Milieu nationaliste et religieux
Originaire de Los Angeles, portant une kippa tricotée grise sur la tête, Harow passe pour un homme intelligent et organisé. Un conseiller de l’ombre. Eduqué dans le milieu nationaliste religieux soutenant la colonisation des territoires palestiniens, soldat d’élite dans la Brigade Golani, une force combattante de pointe de Tsahal (l’armée israélienne), Ari Harow a fait sa carrière dans la mouvance de Benyamin Netanyahou en devenant son conseiller pour les relations extérieures en 2002, puis le directeur des American friends of the Likoud (2003-2006), une association d’ultra-conservateurs américains soutenant la cause du Grand Israël.
Discret, taiseux, Ari Harow a en tout cas été au centre du «système Netanyahou» puisqu’il s’est occupé du financement des campagnes électorales du Likoud ainsi que du train de vie de son leader et des membres de sa famille. Consécration suprême, il est devenu son directeur de cabinet entre 2014 et 2015.
Vente fictive de son cabinet de consulting
Ce faisant, l’Israélo-Américain aurait dû, comme le prescrit la législation de l’Etat hébreu, abandonner la gestion de son cabinet de consulting, H3 Global, créé en 2010. Mais il en a organisé la vente fictive tout en continuant à le diriger en sous-main. Parmi ses clients figurait notamment une entreprise high-tech israélienne qui voulait conclure un contrat à Madagascar et qui a versé 35 000 euros à H3 Global afin que Ari Harow arrange une rencontre entre le leader du Likoud, qui ne le souhaitait pas, et le président de l’île. Pourtant, celle-ci a bien eu lieu en juin 2014.
Lorsque le trafic d’influence d’Ari Harow a été découvert, celui-ci a démissionné de sa prestigieuse fonction de chef de cabinet pour attendre son inculpation. Et pour préparer le procès qui devait suivre. L’enjeu était en effet de taille puisque l’ex-wonderboy risquait quatre ans de prison et près de 200 000 euros d’amende.
Eviter un long séjour derrière les barreaux
C’est précisément parce qu’il a compris que la condamnation était inévitable, parce qu’il voulait s’éviter un long séjour derrière les barreaux qu’Ari Harow a proposé au parquet de devenir «témoin d’Etat». Donc de déballer tout ce qu’il sait sur son ancien patron et éventuellement sur d’autres figures du Likoud et du gouvernement moyennant un aménagement de son dossier pénal: six mois de travaux d’utilité sociale au lieu de quatre ans de détention.
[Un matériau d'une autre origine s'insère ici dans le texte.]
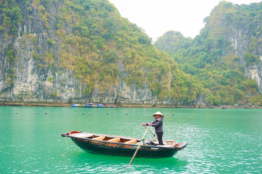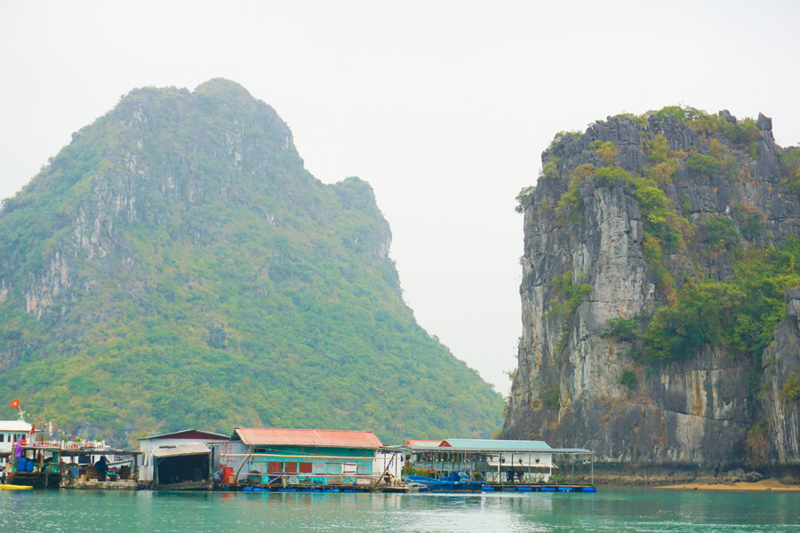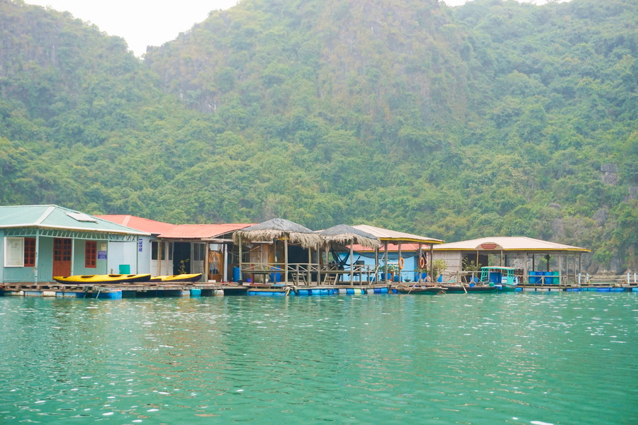 Une des particularités de la baie d’Halong, ce sont ses villages flottants parsemés dans divers endroits de la baie. La vie s’y organise autour de la pêche et de la culture des huitres perlières.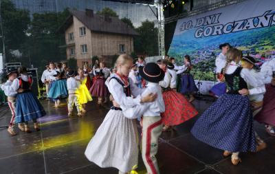 W dalszej części sobotniej uroczystości w amfiteatrze SATURN radośnie rozbrzmiewała regionalna nuta - muzyka, taniec i śpiew w wykonaniu Zespołu Regionalnego GORCE z Kamienicy oraz Kapeli CIUPAGA. Pierwszy dzień obchodów Dni Gorczańskich zakończyła zabawa taneczna prowadzona przez DJ’a.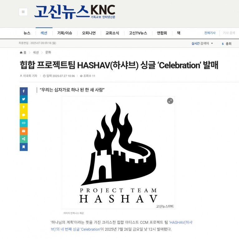 [기사] 힙합 프로젝트팀 HASHAV(하샤브) 싱글 ‘Celebration’ 발매(고신뉴스 KNC)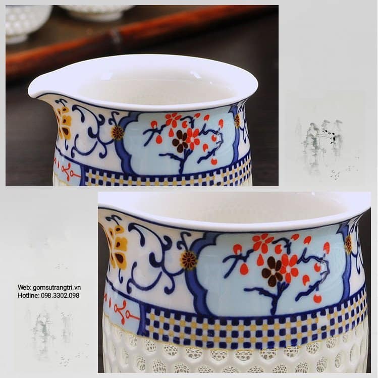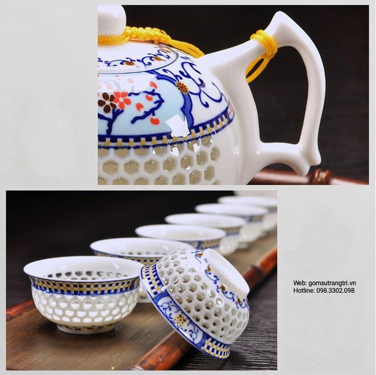 BỘ ẤM CHÉN THẤU QUANG HOA ĐÀO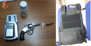 Tale perquisizione, avvenuta la sera del 5 settembre scorso, aveva permesso il rinvenimento di quanto segue: una pistola a tamburo con matricola abrasa, 5 proiettili di calibro 7.65 mm, una dose di 0,6 grammi di cocaina, tre bilancini di precisione, un flacone di metadone, un giubbotto antiproiettile e due buste contenenti delle monete per una somma complessiva di 580 euro.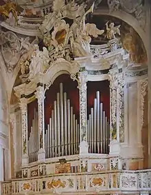 All the ceilings of the hall, both the central and side vaults, are completely frescoed with the illusionistic architecture of Tommaso Sandrino,[78] complemented by scenes by other authors. The extensive fresco on the nave consists of a continuous balustrade, supported by corbels, on which rest mighty Solomonic columns supporting a false ceiling, ideally higher and deeper than the real one. The basic balustrade is not linear, but follows a continuous ascent and descent of faux staircases that bypass the open lunette windows at the base of the vault. Finally, the whole is largely embellished with various decorations and architectural motifs. The work of Antonio Gandino and his son Bernardino is the large central panel, depicting the Glory of the martyred saints Faustinus and Jovita. The fresco depicts the two saints as they ascend to heaven in the presence of the Trinity amid a riot of musician angels. The two ascending saints wear transparent, fluttering white robes and wear stoles in the manner of the priestly Faustinus and the diaconal Jovita, so as to make specific the identity of each according to the data of tradition.[78]

Un coup dur pour le premier ministre, lequel maintient cependant que «les enquêteurs ne trouveront rien parce qu’il n’y a rien». Dans la même veine, lui et son entourage s’en prennent aux médias, qu’ils accusent de «pratiques bolcheviques débouchant sur un lynchage public». Depuis quatre jours, les chroniqueurs de Canal 20, une petite chaîne télévisée d’extrême droite défendant les intérêts des colons ainsi que la politique du gouvernement, se déchaînent d’ailleurs sur les «gauchistes de la presse qui ne se tiennent plus» et sur Ari Harow, qu’ils surnomment «Judas Iscariote».
Une défection dramatique
La défection de l’ex-directeur de cabinet est dramatique pour Benyamin Netanyahou car, si inculpation il y a – et c’est généralement le cas lorsque le parquet recrute un «témoin d’Etat» –, il devra présenter sa démission comme l’avait fait Ehoud Olmert en 2008. A l’époque, ce dernier avait par ailleurs été enfoncé par sa secrétaire particulière et femme de confiance, Shoula Zaken, également devenue «témoin d’Etat».
En règle générale, le parquet israélien n’accorde pas facilement ce statut. S’il l’a fait, c’est bien parce qu’Ari Harow détient des informations solides et vérifiables susceptibles de faire tomber le premier ministre. Signe de l’importance de son «retournement»: jeudi dernier, la police nationale israélienne (PNI) a demandé à la justice la publication d’un «gag ordre» (arrêt) interdisant aux médias locaux de diffuser la moindre information sur les révélations qu’il a commencé à faire sur son ancien patron ».